200 yıl görüş yasağı verildi
200 yıl görüş yasağı verildi
Cezaevi yönetimi Grup Yorum üyesi Adıgüzel’e ayakta sayım dayatması ve kitap sınırlamasına protestodan ceza verdi.
Grup Yorum üyesi iki kardeş Sevcan Adıgüzel (24) Bolu T Tipi Cezaevi’nde, Seher Adıgüzel (19) ise Şakran Cezaevi’nde, ‘Berk Ercan’ isimli gizlik tanığın ifadesi nedeniyle yaklaşık bir yıldır tutuklu.

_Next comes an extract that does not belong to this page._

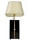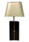 Lampada da tavolo di produzione italiana, 70's H cm 43, con paralume H cm 60 Struttura in legno laccato con inserti in pietra dura e madreperla.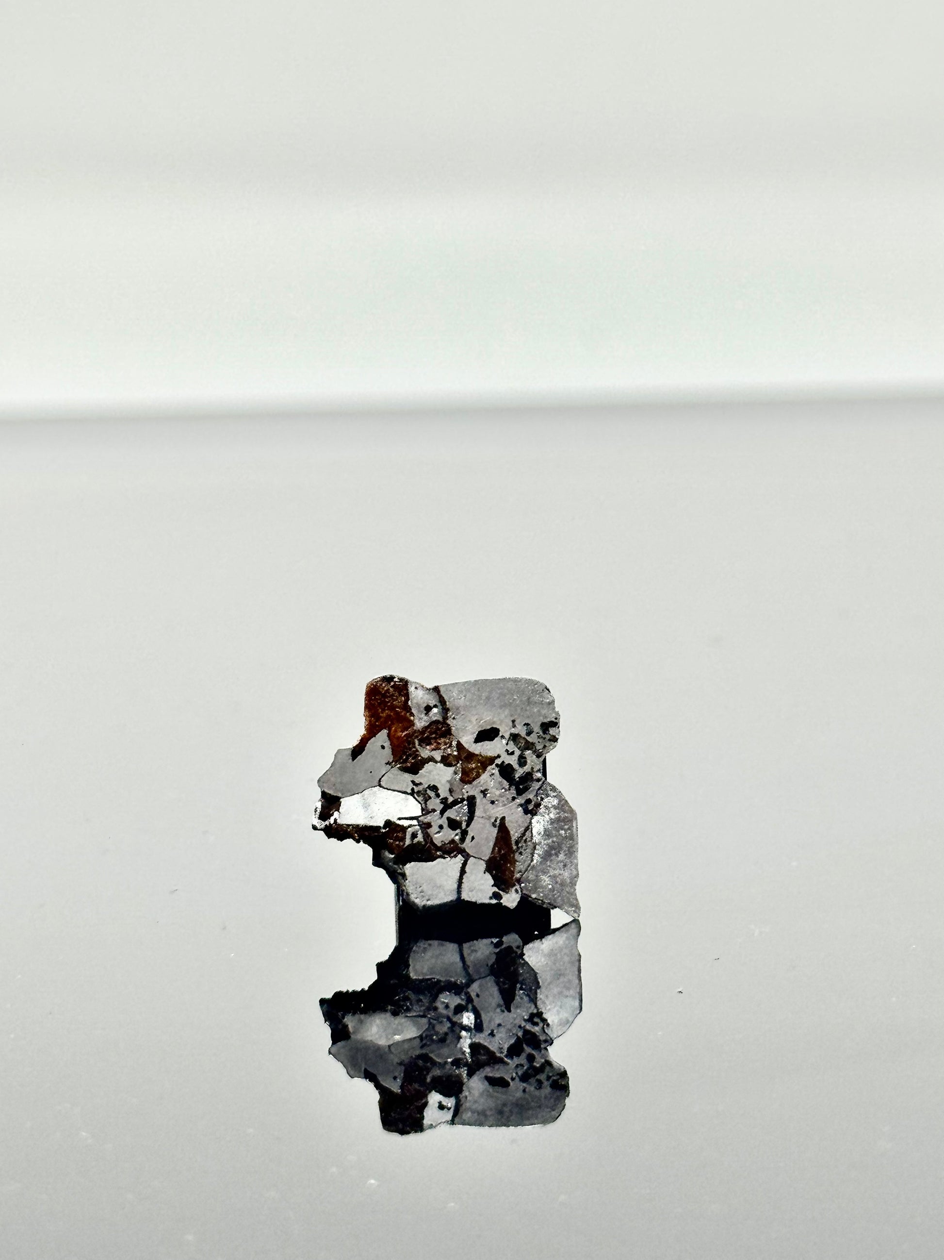 This 14.7g end cut is one you won’t want to miss having in your personal collection of highly desirable meteorites. It is professionally sliced, etched and polished! This chunk of an extremely rare pallasite will showcase all of the beautiful details, including blood-orange olivine crystals and a beautiful etch. Best part - its the end piece! End cuts of this meteorite are not easy to come by. You get to see both sides, interior and exterior of this mesmerizing pallasite.

Anneleri ise Almanya’da cezaevinde. Gazetemize mektup gönderen Sevcan Adıgüzel, “Almanya’da doğup büyüdüm. Almanya’da ırkçılık karşıtı protestolara katılan annem ve babamın yanında küçük yaştan itibaren hiç eksik olmadım. 4 yıldır ülkemdeyim. 3 defa tutuklandım ve 3 yıl cezaevinde kaldım. OHAL’den kaynaklı yaklaşık bir yıldır görüşe çıkamadım. OHAL kalktıktan sonra 3 arkadaşımı görüşçü olarak yazdım. Ama bunun da bir anlamı yok. Ayakta sayım dayatması ve kitap sınırlamasını protesto ettiğim için 200 yıla yakın görüş cezam var”dedi.
‘Polis şiddeti yaşadık’
Yaklaşık bir yıl önce tutuklandığını, kendisinden bir ay sonra da kardeşinin tutuklandığını belirten Adıgüzel, devrimci, demokrat bir ailede büyüdüklerini söyledi. Almanya’da öldürülen 10 Türkiyeli esnaf için düzenlenen kampanyanın içinde yer aldığında henüz 16 yaşında olduğunu belirten Adıgüzel, “Göçmenlerin haklarını savunan ve ırkçılığa karşı örgütlenen Anadolu Federasyonu başkanı olan annem Latife Adıgüzel ile bu süreçte Nazilere ve ırkçılığa karşı Almanya’nın çeşitli yerlerinde katıldığımız eylemlerde polis şiddetine maruz kaldık. Bu olaylardan iki ay sonra evimiz, dükkanımız Alman polisleri tarafından basıldı. Annem gözaltına alındı ve tutuklandı. 28 Haziran 2013’te yöneltilen suçlamalar anayasayı koruma örgütüne karşı eylemleri örgütlemek. Gezi ayaklanmasına destek veren eylemlerde yer almak ve bunları yönetmek. Ben 2014’te Türkiye’ye geldim. İlk günden itibaren polis şiddeti, gözaltı ve işkence ile karşılaştım” ifadelerini kullandı.
‘Susup oturmadık’
Adıgüzel annesinin şeker, tansiyon ve romatizma, babasının ise ağır kalp hastası olduğunu belirterek, şöyle devam etti: “Şu an ailemizden tutuklu olmayan tek kişi babam. Biz Zülfü Livaneli, Edip Akbayram, Grup Yorum türküleri ile büyüdük. Paylaşmayı, güveni, adaleti, onuru ve sevgiyi ailemden öğrendim. Babamın okuduğu Nâzım Hikmet şiirleriyle, ‘Korkuyorlar Robson’ ile yetiştim. Paranın, sömürünün değil eşitliğin, emeğin, alın terinin gücüne inandım. Haksızlığa karşı hep direnen bir aile olduk. Susup oturmadık. Biz sadece 4 kişilik bir aile değiliz. Bizi ne işkence ne gözaltı ne de tutuklama ile bitirebilirler. Bizi diri tutan haklılığımıza olan inancımıza, halkımıza ve vatanımıza olan sevgimizdir.”